Exercise goal:
Exactly the lines below from the one with "唐河外灘萬家物業植樹現場一片" up to and including the one with "AQA Level 2" make up the answer, with nothing else added.

Given entries:

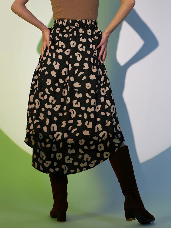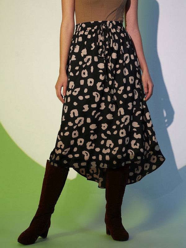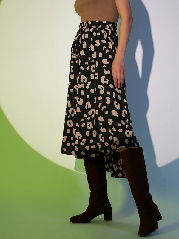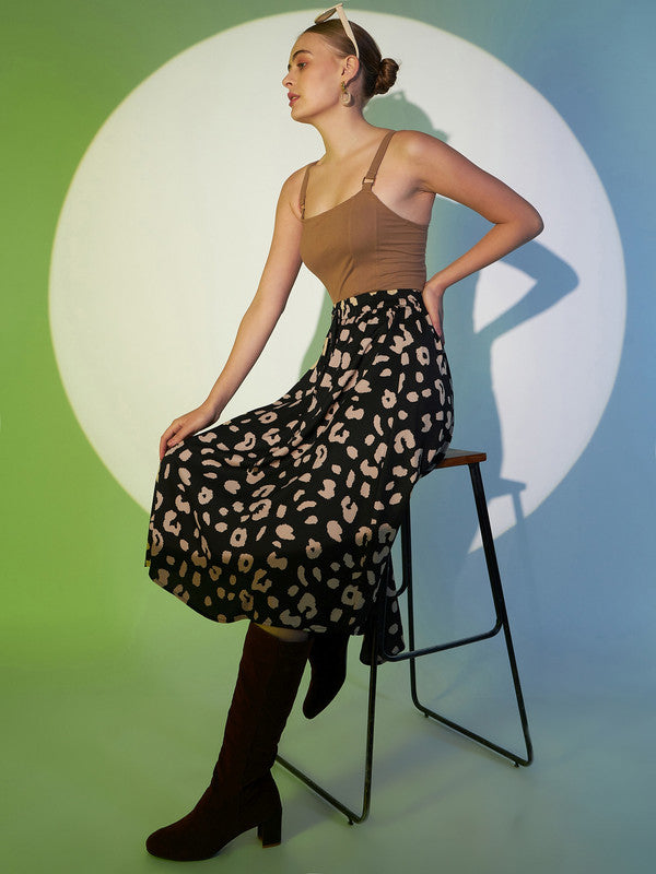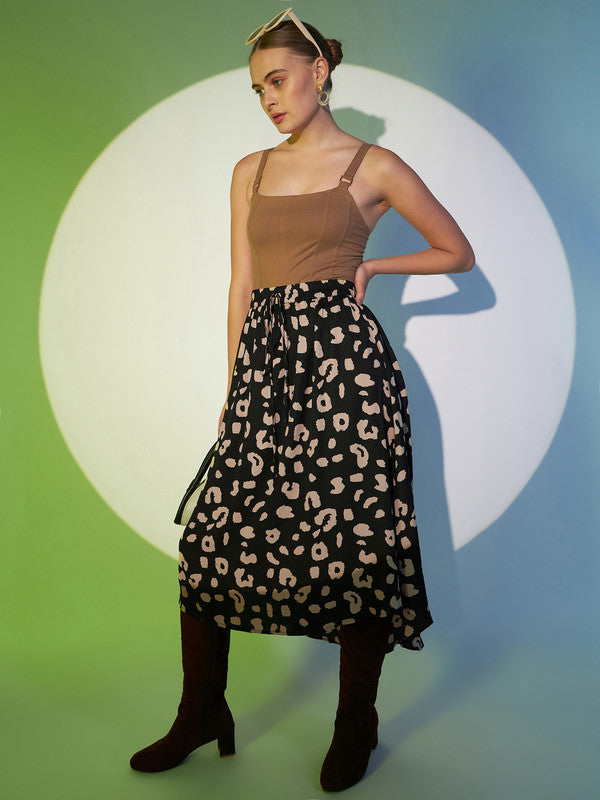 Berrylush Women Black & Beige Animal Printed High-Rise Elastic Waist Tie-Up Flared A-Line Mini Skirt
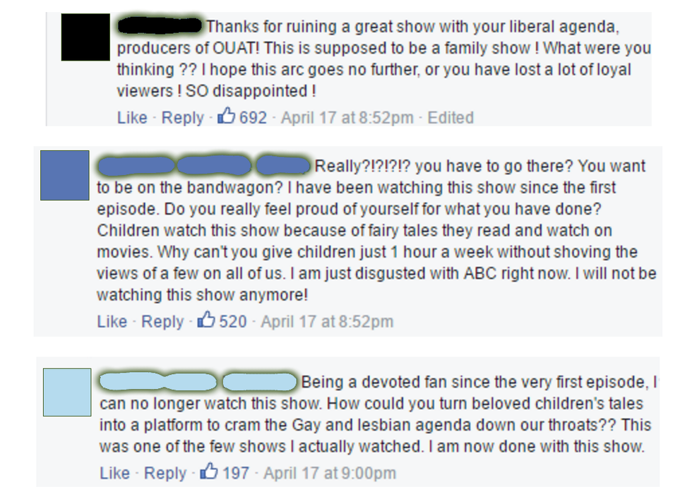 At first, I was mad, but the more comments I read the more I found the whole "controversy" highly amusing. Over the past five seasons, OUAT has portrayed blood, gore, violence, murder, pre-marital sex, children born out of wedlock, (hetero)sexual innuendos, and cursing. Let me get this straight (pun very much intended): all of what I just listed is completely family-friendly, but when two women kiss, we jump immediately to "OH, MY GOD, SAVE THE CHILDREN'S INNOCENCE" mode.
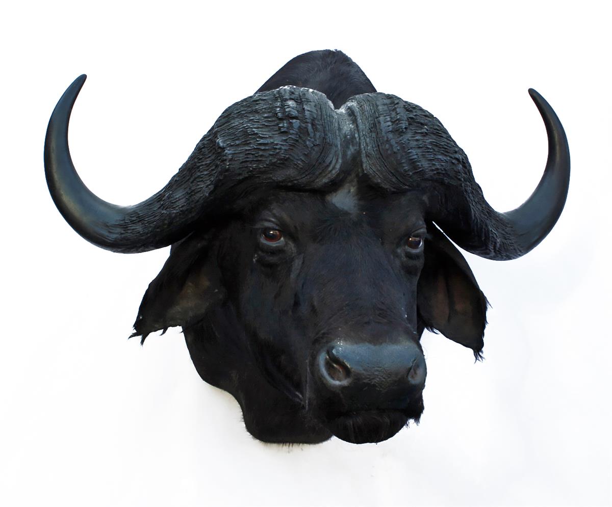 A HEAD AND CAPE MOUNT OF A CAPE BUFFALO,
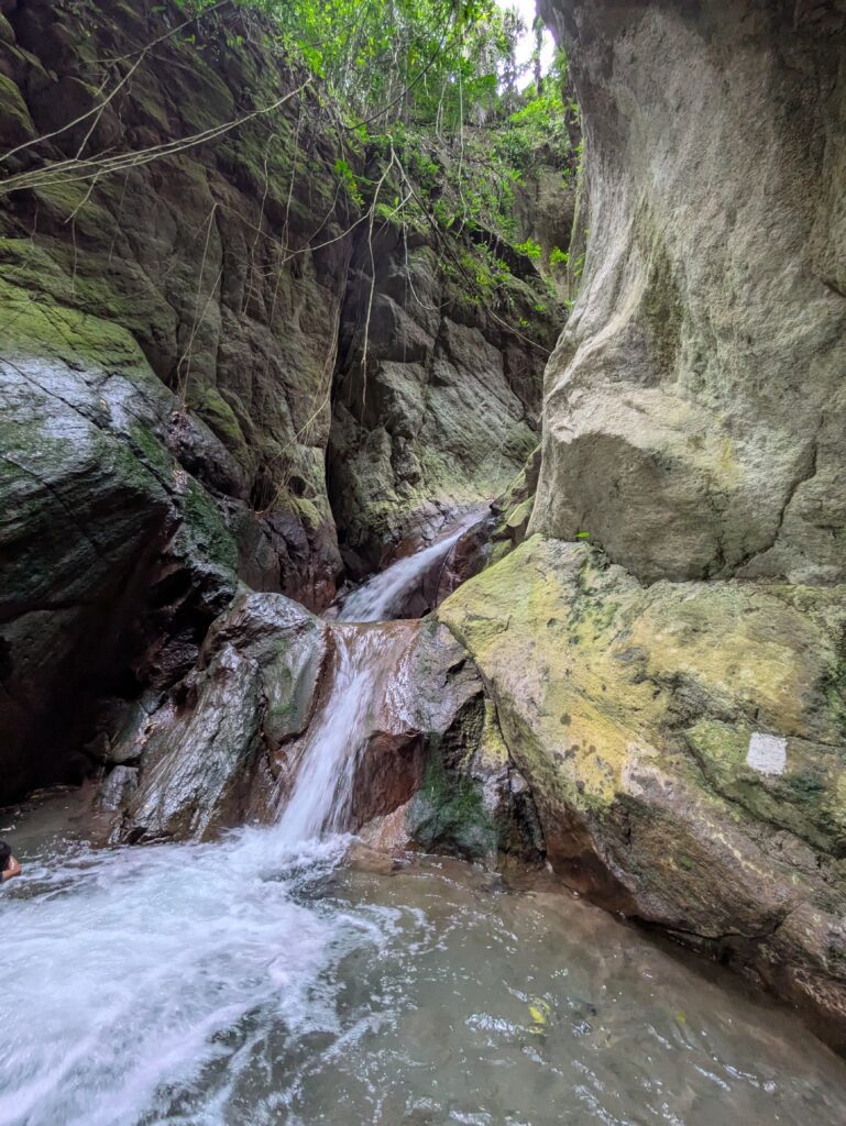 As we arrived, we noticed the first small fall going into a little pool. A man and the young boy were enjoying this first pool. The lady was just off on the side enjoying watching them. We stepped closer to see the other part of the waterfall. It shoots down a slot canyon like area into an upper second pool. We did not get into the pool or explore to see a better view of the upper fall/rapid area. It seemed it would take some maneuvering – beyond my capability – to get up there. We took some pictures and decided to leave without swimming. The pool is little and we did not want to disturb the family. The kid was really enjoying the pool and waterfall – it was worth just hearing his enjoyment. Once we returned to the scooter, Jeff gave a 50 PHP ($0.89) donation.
* * *
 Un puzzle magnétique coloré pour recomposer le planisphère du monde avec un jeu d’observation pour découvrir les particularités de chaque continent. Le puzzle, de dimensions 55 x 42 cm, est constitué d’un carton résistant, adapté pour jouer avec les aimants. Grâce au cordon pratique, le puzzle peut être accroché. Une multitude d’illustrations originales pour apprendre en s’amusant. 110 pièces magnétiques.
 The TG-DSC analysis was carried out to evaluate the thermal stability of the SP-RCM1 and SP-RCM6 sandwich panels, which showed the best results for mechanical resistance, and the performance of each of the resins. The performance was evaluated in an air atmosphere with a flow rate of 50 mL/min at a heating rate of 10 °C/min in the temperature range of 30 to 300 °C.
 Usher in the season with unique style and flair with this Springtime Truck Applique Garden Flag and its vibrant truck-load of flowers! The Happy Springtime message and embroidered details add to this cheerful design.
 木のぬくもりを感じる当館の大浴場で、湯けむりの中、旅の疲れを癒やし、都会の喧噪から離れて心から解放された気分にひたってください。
...
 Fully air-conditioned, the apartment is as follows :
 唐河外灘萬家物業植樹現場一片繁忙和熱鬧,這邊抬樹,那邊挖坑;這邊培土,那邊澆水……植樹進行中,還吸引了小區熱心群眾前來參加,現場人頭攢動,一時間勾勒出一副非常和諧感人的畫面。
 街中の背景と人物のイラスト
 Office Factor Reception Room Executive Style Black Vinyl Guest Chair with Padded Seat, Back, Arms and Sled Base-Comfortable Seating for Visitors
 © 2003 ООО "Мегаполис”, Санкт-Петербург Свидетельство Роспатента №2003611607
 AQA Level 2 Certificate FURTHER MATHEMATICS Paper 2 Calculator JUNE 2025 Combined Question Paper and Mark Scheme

Finished task:
 唐河外灘萬家物業植樹現場一片繁忙和熱鬧,這邊抬樹,那邊挖坑;這邊培土,那邊澆水……植樹進行中,還吸引了小區熱心群眾前來參加,現場人頭攢動,一時間勾勒出一副非常和諧感人的畫面。
 街中の背景と人物のイラスト
 Office Factor Reception Room Executive Style Black Vinyl Guest Chair with Padded Seat, Back, Arms and Sled Base-Comfortable Seating for Visitors
 © 2003 ООО "Мегаполис”, Санкт-Петербург Свидетельство Роспатента №2003611607
 AQA Level 2 Certificate FURTHER MATHEMATICS Paper 2 Calculator JUNE 2025 Combined Question Paper and Mark Scheme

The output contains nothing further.